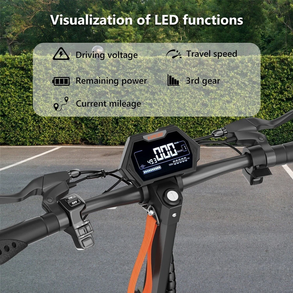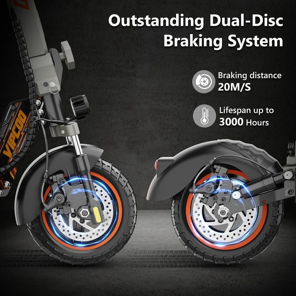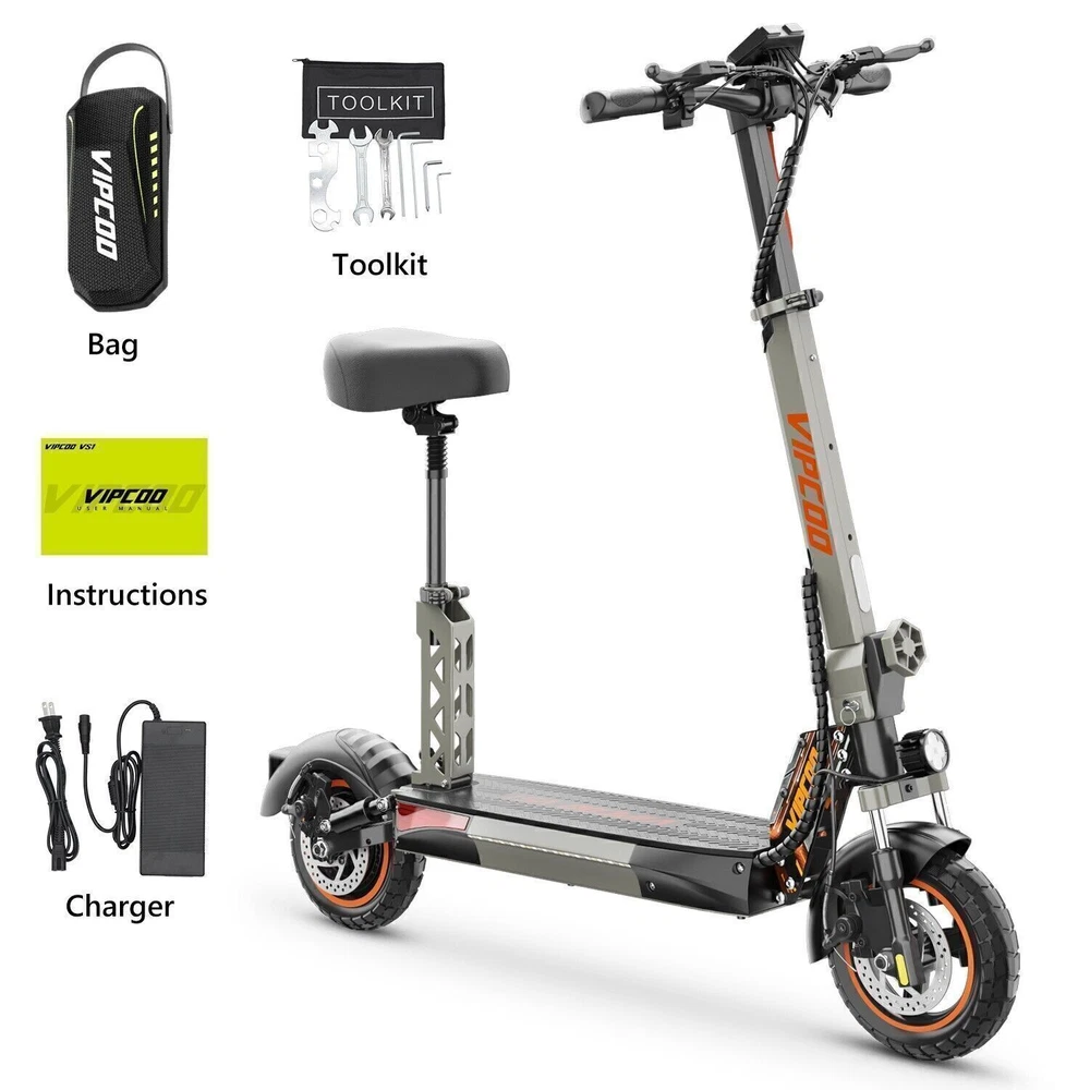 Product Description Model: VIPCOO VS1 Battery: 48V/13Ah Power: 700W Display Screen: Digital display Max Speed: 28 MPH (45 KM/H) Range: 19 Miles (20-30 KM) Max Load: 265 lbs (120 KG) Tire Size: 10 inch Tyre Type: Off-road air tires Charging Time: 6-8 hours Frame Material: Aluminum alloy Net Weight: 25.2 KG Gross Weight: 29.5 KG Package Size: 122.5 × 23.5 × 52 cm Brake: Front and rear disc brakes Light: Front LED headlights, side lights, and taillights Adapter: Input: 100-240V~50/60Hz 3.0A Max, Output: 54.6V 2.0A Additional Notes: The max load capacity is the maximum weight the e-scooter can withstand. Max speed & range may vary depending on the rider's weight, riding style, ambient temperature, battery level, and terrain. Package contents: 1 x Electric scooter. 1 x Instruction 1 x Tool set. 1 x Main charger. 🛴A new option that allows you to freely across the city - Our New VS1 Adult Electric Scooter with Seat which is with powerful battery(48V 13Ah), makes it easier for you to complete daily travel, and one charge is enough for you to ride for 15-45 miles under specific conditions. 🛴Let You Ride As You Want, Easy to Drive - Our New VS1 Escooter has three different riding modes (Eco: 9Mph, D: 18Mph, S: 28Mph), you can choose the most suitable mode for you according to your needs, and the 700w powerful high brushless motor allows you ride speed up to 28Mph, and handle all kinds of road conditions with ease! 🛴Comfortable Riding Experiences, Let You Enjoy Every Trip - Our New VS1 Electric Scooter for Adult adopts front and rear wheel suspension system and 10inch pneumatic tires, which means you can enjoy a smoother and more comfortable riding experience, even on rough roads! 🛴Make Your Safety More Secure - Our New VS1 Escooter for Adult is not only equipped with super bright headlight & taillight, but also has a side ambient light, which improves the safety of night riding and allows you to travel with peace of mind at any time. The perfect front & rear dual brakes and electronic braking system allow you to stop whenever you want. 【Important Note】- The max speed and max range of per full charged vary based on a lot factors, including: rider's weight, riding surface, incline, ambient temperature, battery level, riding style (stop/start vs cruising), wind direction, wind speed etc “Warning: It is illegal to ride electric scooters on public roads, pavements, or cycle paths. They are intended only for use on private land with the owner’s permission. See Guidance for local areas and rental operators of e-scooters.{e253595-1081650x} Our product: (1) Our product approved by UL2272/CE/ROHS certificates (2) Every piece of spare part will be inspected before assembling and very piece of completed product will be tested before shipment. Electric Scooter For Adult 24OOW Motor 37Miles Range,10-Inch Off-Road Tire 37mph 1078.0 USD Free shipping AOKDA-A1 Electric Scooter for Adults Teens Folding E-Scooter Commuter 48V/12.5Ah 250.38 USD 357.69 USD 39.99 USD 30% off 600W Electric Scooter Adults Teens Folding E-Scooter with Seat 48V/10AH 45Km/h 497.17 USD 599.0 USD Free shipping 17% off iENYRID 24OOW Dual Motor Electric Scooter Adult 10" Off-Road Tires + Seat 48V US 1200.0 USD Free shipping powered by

──────────

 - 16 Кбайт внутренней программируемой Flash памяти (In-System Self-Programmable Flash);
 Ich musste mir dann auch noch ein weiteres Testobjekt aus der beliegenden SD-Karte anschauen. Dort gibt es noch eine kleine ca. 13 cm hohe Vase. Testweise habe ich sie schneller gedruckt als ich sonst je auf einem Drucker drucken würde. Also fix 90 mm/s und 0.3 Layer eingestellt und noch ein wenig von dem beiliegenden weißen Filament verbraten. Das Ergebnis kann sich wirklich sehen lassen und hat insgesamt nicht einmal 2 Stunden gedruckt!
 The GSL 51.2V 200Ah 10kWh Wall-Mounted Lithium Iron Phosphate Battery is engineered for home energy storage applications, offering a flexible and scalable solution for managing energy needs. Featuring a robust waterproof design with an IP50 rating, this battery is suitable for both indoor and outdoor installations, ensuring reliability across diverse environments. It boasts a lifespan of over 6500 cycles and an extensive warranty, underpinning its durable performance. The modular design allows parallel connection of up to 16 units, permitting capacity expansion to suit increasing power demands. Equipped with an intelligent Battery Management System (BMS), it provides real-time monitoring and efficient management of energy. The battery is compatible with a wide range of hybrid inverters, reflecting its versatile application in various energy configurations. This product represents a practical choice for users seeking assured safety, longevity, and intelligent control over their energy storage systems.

──────────

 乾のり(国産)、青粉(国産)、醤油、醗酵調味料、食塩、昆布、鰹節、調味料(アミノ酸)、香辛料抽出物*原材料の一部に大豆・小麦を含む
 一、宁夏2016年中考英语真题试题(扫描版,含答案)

──────────

• TASK STATEMENT
In the listing above, transcribe exactly everything from the line containing "乾のり(国産)、青粉(国産)" down to the line containing "一、宁夏2016年中考英语真题试题(扫描版,含答案)", including both and nothing more.

• ANSWER TO THE PROBLEM
 乾のり(国産)、青粉(国産)、醤油、醗酵調味料、食塩、昆布、鰹節、調味料(アミノ酸)、香辛料抽出物*原材料の一部に大豆・小麦を含む
 一、宁夏2016年中考英语真题试题(扫描版,含答案)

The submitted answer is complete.